Data Studio session can't be stopped
If you're not able to stop a studio session, it's usually because the Batch job running the session failed for some reason. In this case, and if you have access to the AWS Console for your organization, you can stop the session from the compute environment screen. Contact your organization's AWS administrator if you don't have access to the AWS Console. Also contact your Seqera account executive so we can investigate the issue.
Data Studio session performance is poor
A slow or unresponsive studio session may be due to its AWS Batch compute environment being utilized for other jobs, such as running Nextflow pipelines. The compute environment is responsible for scheduling jobs to the available compute resources. Data Studio sessions compete for resources with the Nextflow pipeline head job and Seqera does not currently have an established pattern of precedence.
If you have access to the AWS Console for your organization, check the jobs associated with the AWS Batch compute environment and compare the resources allocated with its Compute resources settings.
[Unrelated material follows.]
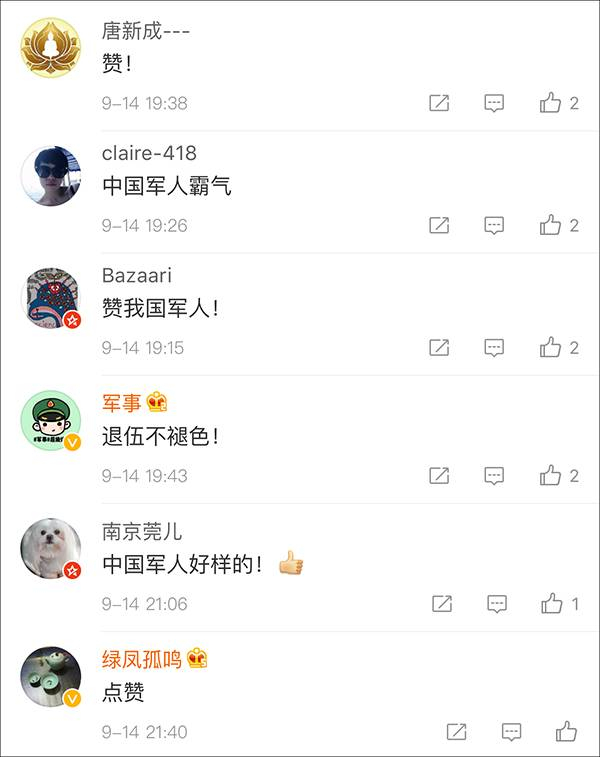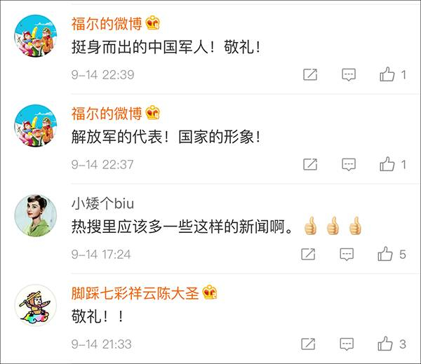 丁璇的挺身而出赢得网友的一致好评,纷纷表示,“中国军人,好样的!”

Memory allocation of the Data Studio session is exceeded
The running container in the AWS Batch compute environment inherits the memory limits specified by the studio session configuration when adding or starting the session. The kernel then handles the memory as if running natively on Linux. Linux can overcommit memory, leading to possible out-of-memory errors in a container environment. The kernel has protections in place to prevent this, but it can happen, and in this case, the process is killed. This can manifest as a performance lag, killed subprocesses, or at worst, a killed data studio session. Running studio sessions have automated snapshots created every five minutes, so if the running container is killed only those changes made after the prior snapshot creation will be lost.
All datasets are read-only
By default, AWS Batch compute environments that are created with Batch Forge restrict access to S3 to the working directory only, unless additional Allowed S3 Buckets are specified. If the compute environment does not have write access to the mounted dataset, it will be mounted as read-only.